Até o advento do Decreto 1144/1861, que permitiu o casamento de não católicos, o casamento religioso era o único que produzia efeitos no Brasil. O casamento religioso foi substituído pelo casamento civil, pelo D 181/1890 (esta lei utilizou-se do termo divórcio no sentido de separação de corpos).

A Constituição de 1934 criou o casamento religioso com efeitos civis. A L 379/37 regulou a matéria. O DL 3200/41 modificou em parte a L 379/37. A Constituição de 1946, nos art. 163, §§ 1.º e 2.º, permitiu o casamento religioso com efeito civil, quer a habilitação fosse prévia ou a posteriori, desde que feita inscrição no registro civil. A L 1110/50 regulou essas duas formas de casamento. A Constituição Federal de 1967 e o art. 175, §§ 2.º e 3.º, com redação alterada pela EC 1/1969, seguiram a mesma orientação. A LRP 71 a 75 revogou tacitamente a L 1110/50.

Apenas com o advento da EC 9/77, que acrescentou parágrafo ao CF/1969 175, tornou-se possível a dissolução do vínculo matrimonial, pelo divórcio. A L 6515/77, denominada Lei do Divórcio, também alterou o CC 1916 em várias partes, disciplinando a separação judicial no lugar do desquite.

Hoje, o casamento civil é previsto na CF 226 § 1.º como mecanismo jurídico de proteção da família, berço originante da vida, mas a Constituição Federal realça o fato de que as uniões de fato também devam ser respeitadas pelo Estado, para a proteção da prole. 9

45. Casamento civil e família institucionalizada

A instituição do casamento civil é, no sistema jurídico, pela evolução dos tempos, o mecanismo mais sujeito a críticas e a questionamentos. É muito mal compreendida.

Inafastável, evidentemente, da análise jurídica de sua estrutura aquilo que Zannoni identifica como um mecanismo de controle institucional, derivante da lei. 10

Mas seria a instituição do casamento um ato de soberania do Estado, uma forma de regular o exercício do poder do Estado em espaço de interesse exclusivo da intimidade do homem? Seria uma amarra desnecessária para a vida privada das pessoas?

Qual seria sua eficácia própria, qual seria a eficiência, a funcionalidade do casamento para a segurança das relações de família?

Ou seja, nos tempos atuais, qual a finalidade jurídico-institucional do casamento civil oficial, diante da existência de outros mecanismos mais simples, mais singelos e que se põem a atingir os mesmos efeitos a que o casamento visa, como é o caso da efetiva vivência de casais em uniões de fato e em uniões formalizadas pelos denominados contratos de convivência ( CC 1725 )?

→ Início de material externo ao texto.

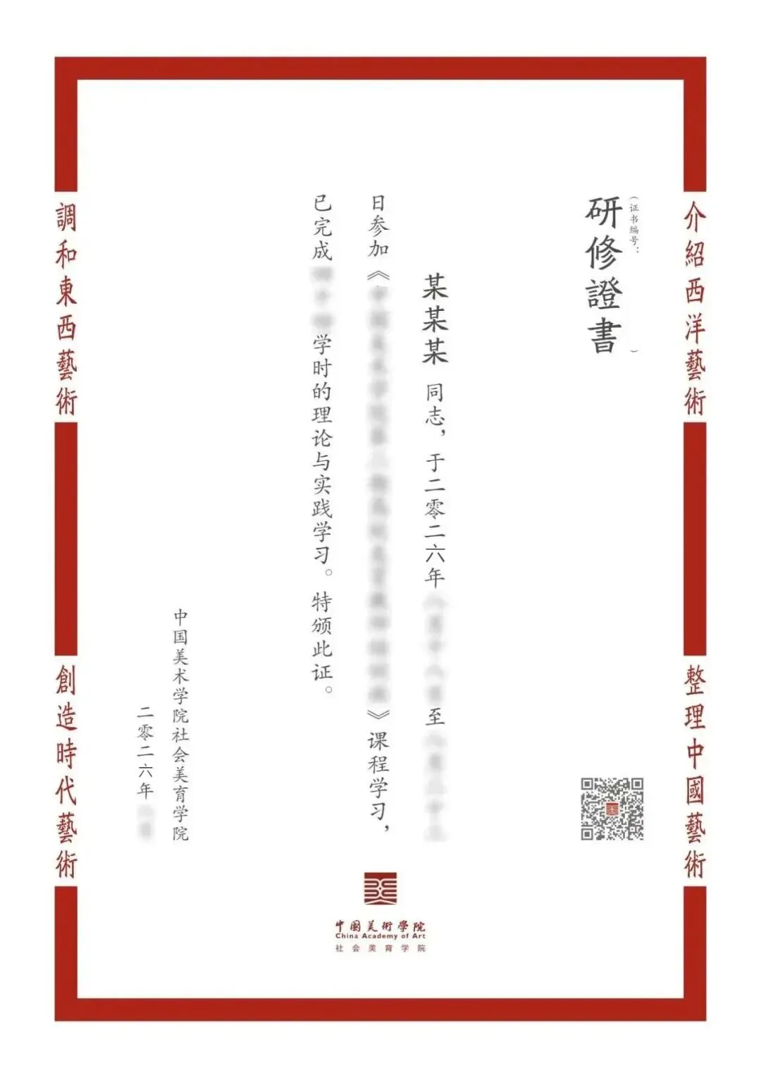 学习结束颁发中国美术学院人工智能(AIGC)"AI+创作"高级实操研修证书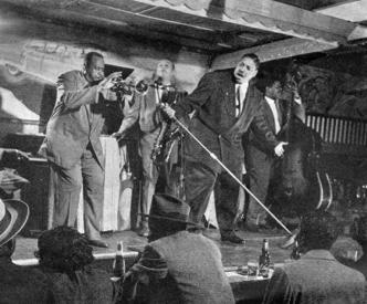 ![]() 「シェイク・ラトル・アンド・ロール」(ビッグ・ジョー・ターナー・ストーリー) こんにちわんこそば、頑固8鉄です。 クラシックなオヤジギャグで始まります第10回は、おっさんのくせに、10代アイドル雑誌の表紙を飾った、最初のオヤジ・ロック・スター(?)、ビッグ・ジョー・ターナー。 現在は、実は、ロック音楽は、ジジイ音楽といわれてまして、ロックマニアだったような世代は、もうすでに60代を突破しております。アーティストだって、ローリング・ストーンズをはじめ、還暦をとっくに過ぎた方ばかりというのが当たり前。 しかし、1955年〜1958年くらいの、ロックンロールのごく初期のアイドルたちは、常に若者でありました。エルヴィス・プレスリーは1935年生まれで、55年に有名になったとき、ちょうど20歳。 ジーン・ヴィンセントも1935年生まれ。エディー・コクランは、1938年生まれで、わずか18歳でデビューし、61年に死亡したときは、22歳でした。36年生まれのバディー・ホリーも、59年に22歳で死亡。 かなり年配な方でも、ビル・ヘイリー(1925年生まれ。1955年時点で、30歳。)、チャック・ベリー(1926年生まれ。55年に29歳。)くらいでした。 46歳のわたくしからみると、まるっきり「ガキンチョ」ばっかじゃねえか・・・なんて、これ以上言うと、「おっさんの説教」とか「オヤジのぼやき」の世界に入っていきそうなのでやめときます。 まあ、そんな、50年代当時、ヤングな(死語)イカす(死語)ロック音楽界のアイドルの、最高齢だったのがたぶんこの人。 ビッグ・ジョー・ターナー。「ボス・オブ・ザ・ブルーズ」と言われた、30年代から活躍したジャズ、ブルース音楽界の巨人。そんな、1911年生まれのベテランが、1955年、ロック黎明期に45歳でティーンのアイドルになったのです。オレだってまだまだいけるかも?(無理) ![]() ビッグ・ジョーは、音楽業界の大物、というだけでなく、その名の通りの巨漢で、185センチ、140キロ。 当時の映像を見ると、そのデカさに圧倒されますが、実は大変な苦労人。 カンザスシティ生まれの彼は、教会のゴスペル音楽を聴いて育ちましたが、わずか4歳のとき、父親を事故で亡くします。そして、街で唄を唄って物乞いをする子供時代を過ごしたのでした。 14歳で学校も中退、カンザスシティの小さなバーやクラブで働くようになります。 最初は、コック、その後、バーテンダーとして、大不況時代の喧騒の中、ジャズ音楽を支えた歓楽街の裏方として活躍するのですが、幼いころから、食うや食わずの物乞いで培った歌唱力を活かす方法はないか、と考えたビッグ・ジョー、バーテンダーをしながらブルーズを唄うようになりました。その巨体からとどろく、すさまじい大声量はどんどん評判になっていき、彼は「唄うバーテンダー」として、カンザスシティでは知らぬ者のない存在となっていきました。 そして、そんな中、ビッグ・ジョーは、当時、ブームになってきていた「ブーギウーギ(ブギウギ)ピアノ」の名手、ピート・ジョンスンとデュオで活躍するようになります。そして、これが、後の彼のスタイルを決定づけ、さらに、それによって、50年代のロック時代にまで食い込んでいくことになるのです。 禁酒法時代の1930年代、カンザスシティは、全米で最大の歓楽街のひとつでした。それを仕切っていたのは、市長、トム・ペンダーガスト。この人、我が国でいえば、○中○栄とか、○木○男とかいう感じの、力で圧倒する、ダーティなイメージの人で、ヤクザの親分が市長だったようなものなのですが、彼の方針のおかげで、カンザスのミュージシャンたちは食いつなぐことが出来たといっていいくらい、娯楽産業で街を作っていったのです。 こうして、30年代のビッグ・バンド・ジャズの時代、カンザスシティは、独特のジャズ文化を生み出します。最も有名になったのは、カウント・ベイシー・オーケストラと、ジェイ・マクシャン・オーケストラ。 ニューヨークのデューク・エリントンやベニー・グッドマンとは異なるカンザスシティ・ジャズは、ブーギ・ウーギ・ピアノ音楽を発展させた、いわゆる「ジャンプスタイル」として有名になります。ベイシーの名曲「ワン・オクロック・ジャンプ」に代表されるこのスタイルは、派手なリフを中心としたもので、熱狂的なダンス向きであったと同時に、シンプルな楽曲構造だったため、各ソリストのアドリブを最大限活かす余地があり、そのスタイルが、モダン・ジャズへの布石となったのです。 最も、有名なソリストは、テナー・サックスのレスター・ヤング、そして、その後継者として、モダンジャズの開祖となった、アルト・サックスのチャーリー・パーカーでした。 ![]() さて、そんな中で、ビッグ・ジョー・ターナーは、ホーンが中心のビッグバンドを向こうに回して、しょぼい拡声器1つでも唄いこなせる、ブルーズ・シャウターとして名をはせていきますが、中心はあくまでピート・ジョンスンと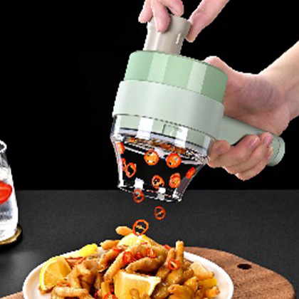 - 野菜などの食材を本体上部の穴から軽く押し込むことで、簡単にカットできる!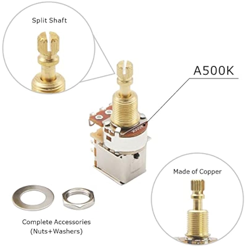 - A Type(Audio Taper), full resistance is 500K ohm, push-push pot & DPDT switch, with solder terminals.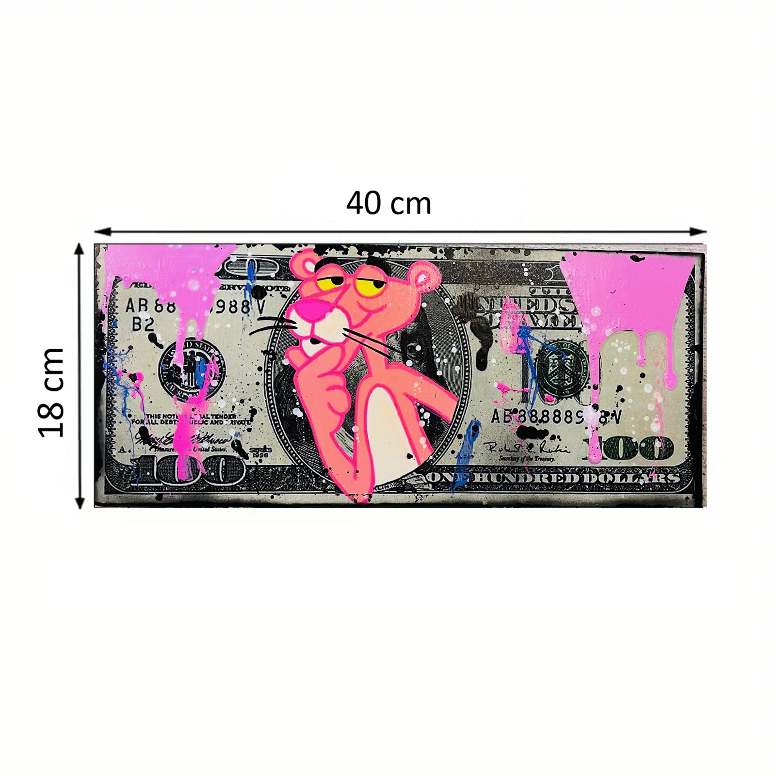 The main subject, the Pink Panther, is drawn with vibrant and bold tones using acrylic colors that highlight its figure. The collage element, which incorporates 100-dollar bills, creates a connection between the animated character and the concepts of wealth and consumerism—recurring themes in contemporary society. The contrast between the fluid drawing of the Pink Panther and the rigid material of the bills creates a visual dialogue that prompts reflection on the culture of money.

Em suma: para que serve o casamento civil? Para que serve a família institucionalizada?

Não podemos negar que família também é espaço de cultura: cultura que é fruto da mente humana (não da força econômica) e que se deve, sempre, vivenciar com prioridade absoluta para a paz e para o ser humano. Toda família tem uma história própria, assim como as sociedades e as nações. Tendo uma história, as famílias têm valores autênticos e...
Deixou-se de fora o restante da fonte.